Joel Kotkin from the December 2000 issue
(Page 4 of 4)
In the coming decades, this disconnect between the labor force and the economy in some areas could lead to an exodus of middle-class people and businesses to less troubled places, as happened previously in inner cities. Across the country, many aging suburbs, such as Upper Darby near Philadelphia and Harvey outside Chicago, are well on the way to becoming highly diverse suburban slums as businesses move farther out in-to the geographic periphery. Others-in regions including Boston, New Orleans, Cleveland, St. Louis, Dallas, and Indianapolis-now struggle to retain their attractiveness.
If unchecked, a broader ghettoization looms as a distinct possibility, particularly in some of the older areas filled with smaller houses and more mundane apartment buildings. These areas could become -as have some suburbs of Paris-dysfunctional, balkanized losers in the new digital geography. "It's a different place now. We can go either way," says Robert Scott, a former L.A. planning commissioner and leader of the San Fernando Valley's drive to secede from Los Angeles.

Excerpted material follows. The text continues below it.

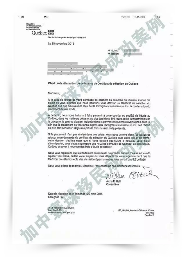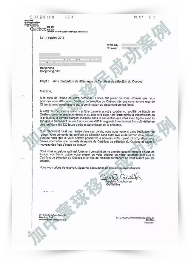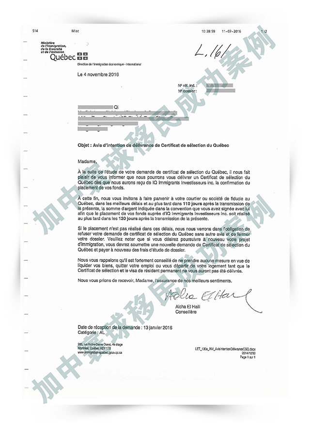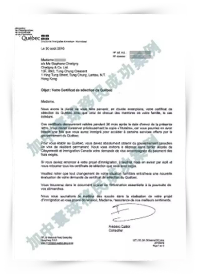 加中寰球根據(jù)Q女士背景迅速擬定了申請方案,并安排資深文案經(jīng)理全程指導(dǎo)Q女士準(zhǔn)備申請材料,一步到位鎖定名額。順利將材料遞交到魁北克移民局。當(dāng)初的努力終獲回報(bào),收到魁北克通過信。

Scott grew up in the once all-white, now predominantly Latino community of Van Nuys. "The valley can become a storehouse of poverty and disenchantment," he says, "or it can become a series of neighborhoods with a sense of uniqueness and an investment in its future." As Scott suggests, for these new melting pots, the best course may be not so much to try clinging to their demographic past as to find a way to seize the advantages of their more diverse roles, both economically and demographically. No longer "lily white" enclaves, such communities increasingly must draw their strength, as the great cities before them did, from the energies, skills, and cultural offerings of their increasingly diverse populations.